As materials for the external input electrodes 48A, 48B and the output electrode 50, silver-palladium, Ni plating, Ni.Au plating, or the like can be used. In this way, when the piezoelectric transformer is completed, the external input electrode 48
A, 48B and the output electrode 50 to the lead wire 64,
65 is connected, and a DC voltage is applied between the internal electrodes on the drive unit side to perform polarization processing in the stacking direction of the ceramic base plates, that is, in the vertical direction as shown by the arrow in FIG. On the power generation section side, a DC voltage is applied between the internal electrode and the output electrode to perform polarization treatment in the longitudinal direction of the transformer as shown by the arrow in the figure. The conditions for the polarization treatment are 2-3 KV per 1 mm distance at a temperature of 130 ° C.
The DC voltage is applied for 5 minutes for about 5 minutes. Therefore, a DC voltage of about 300 V is applied between the internal electrodes having a distance between the electrodes of about 100 μm to perform polarization processing, while the length of the power generation unit is about 10 mm, so the internal electrode-output electrode A DC voltage of 30 KV is applied between them. In this way, when the polarization process is completed,
As shown in FIG. 3, the central portion in the longitudinal direction of the transformer, that is, the portion where the external input electrodes 48A and 48B are provided,
The pair of fixing members 52, 52 are supported and fixed by using an adhesive or the like so as to be sandwiched. Therefore, both ends in the longitudinal direction of the transformer become free ends and become deformable, and the central portion becomes a node that is fixed by the fixing members 52, 52 and is not vibrated or deformed, and it is possible to vibrate in the half-wavelength mode. Become. In the present embodiment, the polarization treatment
The lead wires 64 and 65 were respectively brought into contact with the external input electrodes 48A and 48B and the output electrode 50 to perform polarization processing.
Connect the conductive member to the external input electrode 48 without connecting the lead wire.
It is also possible to press a spring member (not shown) on the A and 48B and the output electrode 50 to polarize the drive unit and the power generation unit, respectively.
If a conductive member is used as the conductive member and the polarization process is performed via this fixing member, the number of steps can be further reduced.

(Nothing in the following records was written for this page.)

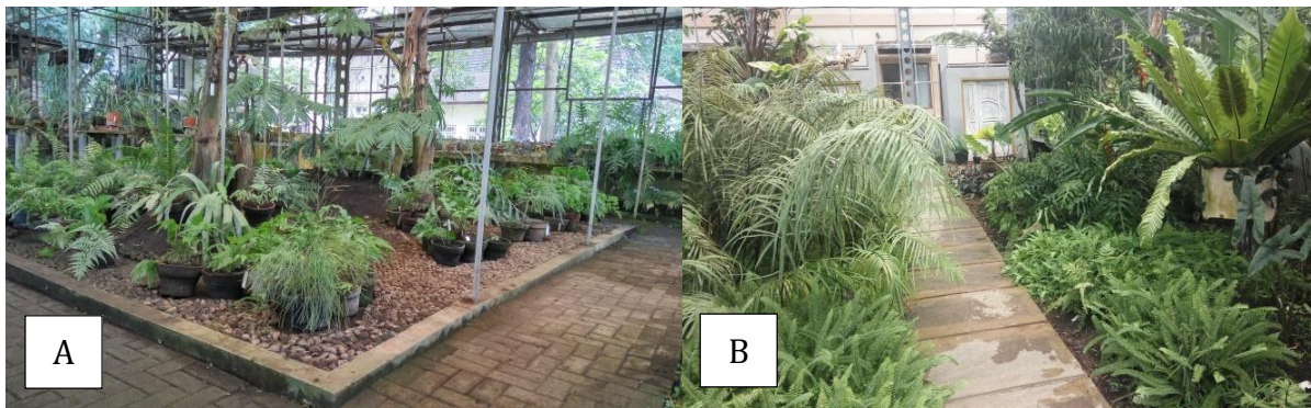
Gambar 1. Lokasi pengamatan koleksi tumbuhan paku KR Purwodadi, (A) rumah kaca V dan (B) rumah kaca VI
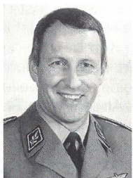
Brigadier, Stabschef Luftwaffe 1.1.1989 bis 31.12.1997
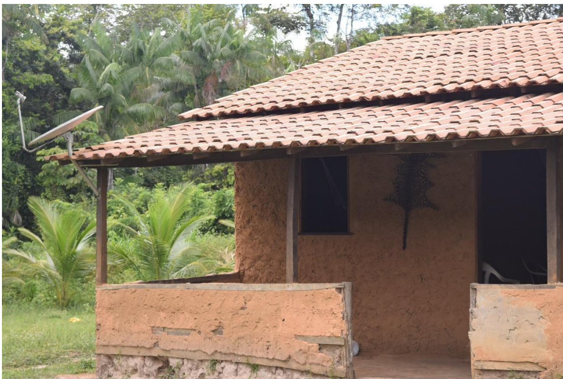
Imagem 6142 Fachada da casa de Denilson com a exposição da pele de uma onça parda caçada por ele
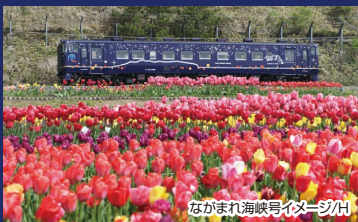
ながまれ海峡号イメージ/H
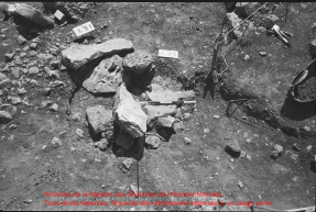
Archives de la Maison des Sciences de l'Homme Mondes. Tous droits réservés. Reproduction strictement réservée à un usage privé
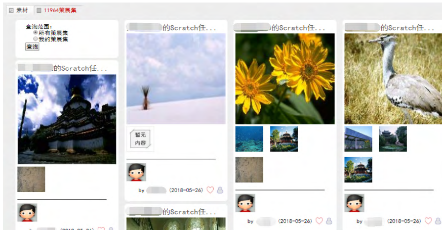
图 4 分享至策展广场

课后，各小组依据教师和同伴的建议修改、完善本组的策展集作品，之后将其分享至策展广场（如图 4 所示）和学习社区，供小组之间相互查看和学习。课程结束前，每位学生都要撰写课程的反思笔记，内容包括遇到了哪些问题、如何解决这些问题的、有什么收获和思考等。
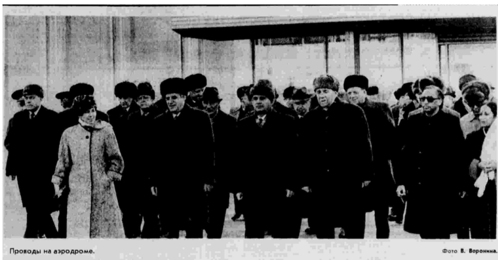
Проводы на аэродроме.

Вместе с М.С. Горбачевым отбыли член Политбюро ЦК КПСС, министр иностранных дел СССР Э.А. Шеварднадзе ; Секретарь ЦК КПСС А.Ф. Добрынин ; заместитель Председателя Совета Министров СССР В.М. Каменцев ; помощник Генерального секретаря ЦК КПСС А.С. Черняев ; начальник Генерального штаба Вооруженных Сил СССР, первый заместитель министра обороны СССР С.Ф. Ахромеев ; первый заместитель министра иностранных дел СССР Ю.М. Воронцов . В поездке Генерального секретаря ЦК КПСС сопровождала его супруга Р.М. Горбачева . По пути в Индию М.С. Горбачев сделал остановку в Ташкенте.
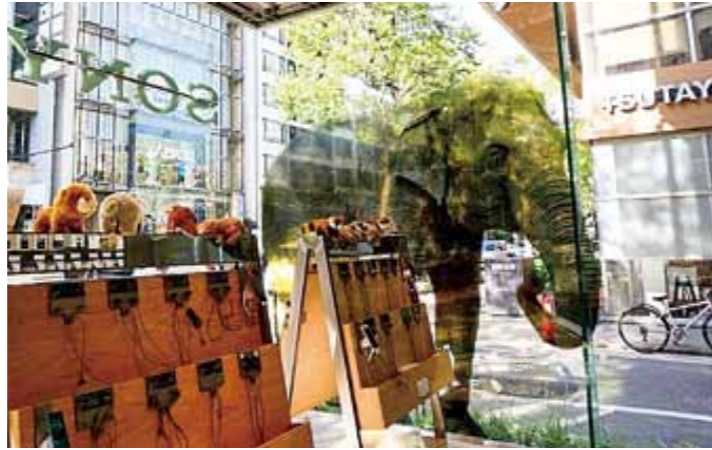
迫力満点、等身大のはな子

ソニーストア福岡天神さまと共同で、2016年8月1日～19日、写真展・トークイベントを開催しました。店内に動物たちの写真を展示し、窓にはゾウやキリンの等身大写真シートが掲示されました。店内では動物たちを超高画質で撮影した4K映像も上映。8月10日の動物トークイベントでは、あざやかな映像を見ながら飼育員が解説を行いました。
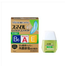
スマイル40 ゴールドコンタクト マイルド
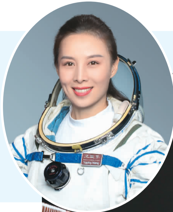
▲ 王亚平 ▼ 王亚平出舱画面

在这期间，3名中国航天员完成了出舱活动等任务。第二次进入太空的王亚平成为中国首位出舱行走的女航天员，创造了中国航天的新纪录，也为世界航天发展贡献了“她力量”。
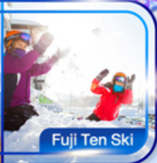
Fuji Ten Ski
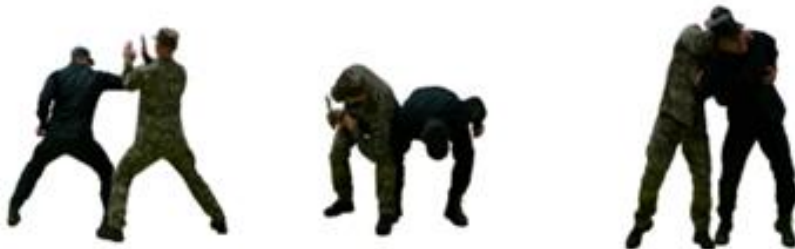
Рис. 102. Обеззброєння при уколi ножем з розмаху (навідліг)

Обеззброєння при уколi ножем з розмаху (навідліг) (рис. 102) – з кроком уперед убік і поворотом до противника захиститися підставлянням передпліччя обох рук під озброєну руку, захватити обома руками передпліччя зверху і нанести удар коліном, скручуючи руку противника вперед вгору, виконати важіль руки досередини, обеззброїти противника.
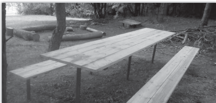
U tábořiště na Antonínku (v lesíku vedle křížové cesty) pracovníci SOB vybudovali nový stůl s lavicemi. Vzniklo tak další místo k odpočinku poutníků i turistů.
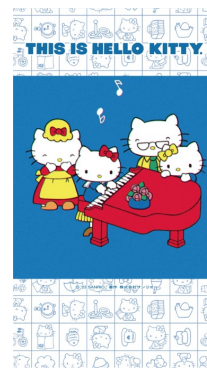
ハローキティ動画アカウント This is hello kitty.での投稿イメージ
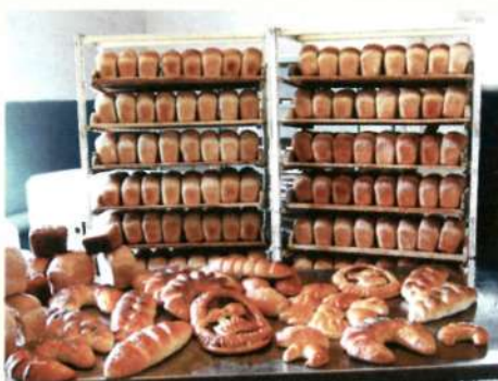
Продукция ОАО "Тяжинский элеватор"
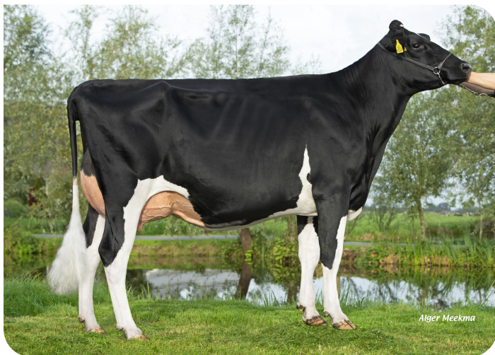
Nellie 258 (v. Florus) Eig.: V.O.F. J. Slingerland-van Dijk, Berkenwoude
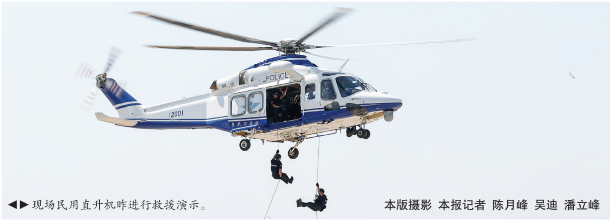
◀▶ 现场民用直升机昨进行救援演示。
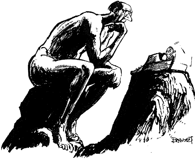
Gene Basset, Scripps-Howard Newspapers

« بریشه چین باسیت - من منصفه سکریس - هاررد »
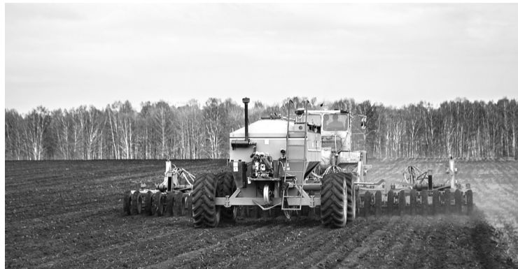
На севе основных земельных площадей ООО «БМК» были задействованы посевные комплексы «Кузбасс». На снимке идет сев ячменя.
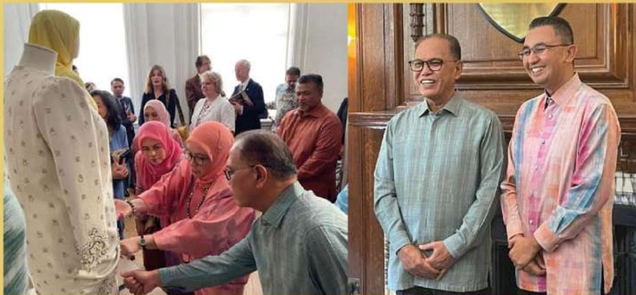
Antara tetamu kehormat yang hadir ke London Craft Week

London, 10 Mei - Ketua Pegawai Eksekutif PKNP, Yang Hormat Dato' Mohd Faizal bin Jaafar telah dijemput menghadiri perasmian London Craft Week pada 9 Mei 2022 di bangunan Suruhanjaya Tinggi Malaysia di Belgrave Square, London, United Kingdom.
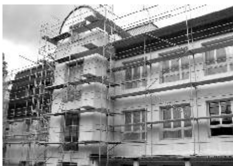
Z průběhu oprav nové fasády budovy gymnázia
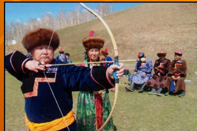
hur харбаан (стрельба из лука)

Next, the operation of the present embodiment configured as described above will be described. First, the operation of the entire drive circuit will be described with reference to FIG. 1. The DC voltage from the DC power supply 30 is applied to the pulse width modulation circuit 4 by the chopper circuit 32.
A DC signal V2 is output by being stepped up or stepped down by a control signal from 4 and this voltage is input to the excitation circuit 34.
The excitation circuit 34 applies a voltage V3 that is periodically inverted at a frequency close to the natural frequency to the piezoelectric transformer 36 according to the present invention, and causes the piezoelectric transformer 36 to expand and contract.
Then, in the piezoelectric transformer 36, a high AC voltage is generated due to the piezoelectric effect, and this voltage is supplied to the discharge tube 12 to ignite it and continue the discharge.

The tube current of the discharge tube at this time is detected by the tube current detection circuit 38, and the detected voltage is the error amplification circuit 40.
Is compared with the reference voltage 42 and an error voltage is output. Based on this error voltage, the pulse width control circuit 44 performs pulse width modulation to form a control signal and adjust the light emission amount.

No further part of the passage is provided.